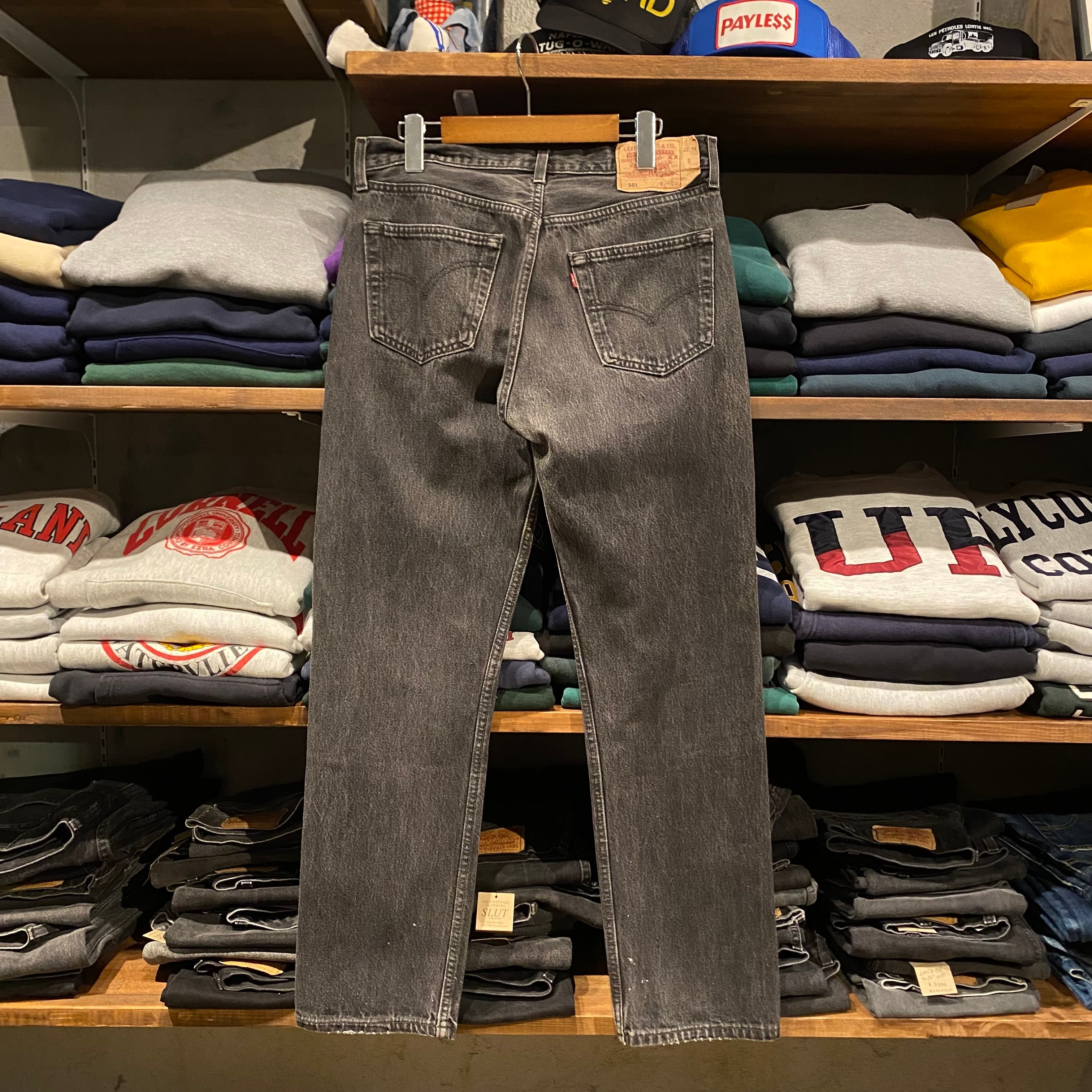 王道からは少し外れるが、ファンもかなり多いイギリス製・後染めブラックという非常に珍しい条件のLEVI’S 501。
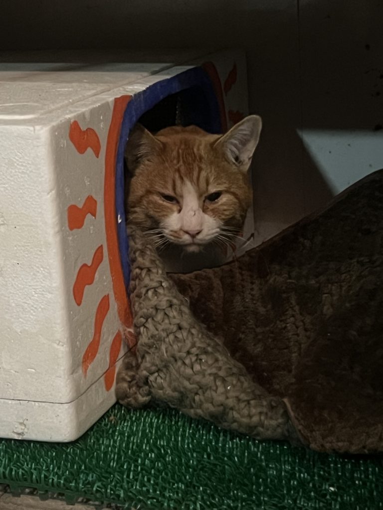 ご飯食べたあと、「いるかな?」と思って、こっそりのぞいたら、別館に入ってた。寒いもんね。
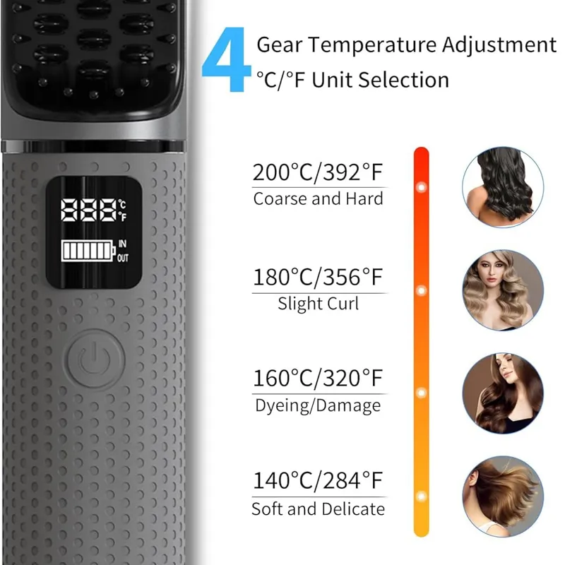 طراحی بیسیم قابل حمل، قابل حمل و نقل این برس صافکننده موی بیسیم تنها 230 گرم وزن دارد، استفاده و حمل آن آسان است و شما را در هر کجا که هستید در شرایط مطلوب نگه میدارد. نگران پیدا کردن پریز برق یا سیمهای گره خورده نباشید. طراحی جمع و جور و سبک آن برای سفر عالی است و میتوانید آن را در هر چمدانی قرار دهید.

※ ※ ※

DESCRIPTION OF THE TASK: Every line of the data above should be quoted exactly. Omit the pictures.

SOLUTION TO THIS PROBLEM:
 王道からは少し外れるが、ファンもかなり多いイギリス製・後染めブラックという非常に珍しい条件のLEVI’S 501。
 ご飯食べたあと、「いるかな?」と思って、こっそりのぞいたら、別館に入ってた。寒いもんね。
 طراحی بیسیم قابل حمل، قابل حمل و نقل این برس صافکننده موی بیسیم تنها 230 گرم وزن دارد، استفاده و حمل آن آسان است و شما را در هر کجا که هستید در شرایط مطلوب نگه میدارد. نگران پیدا کردن پریز برق یا سیمهای گره خورده نباشید. طراحی جمع و جور و سبک آن برای سفر عالی است و میتوانید آن را در هر چمدانی قرار دهید.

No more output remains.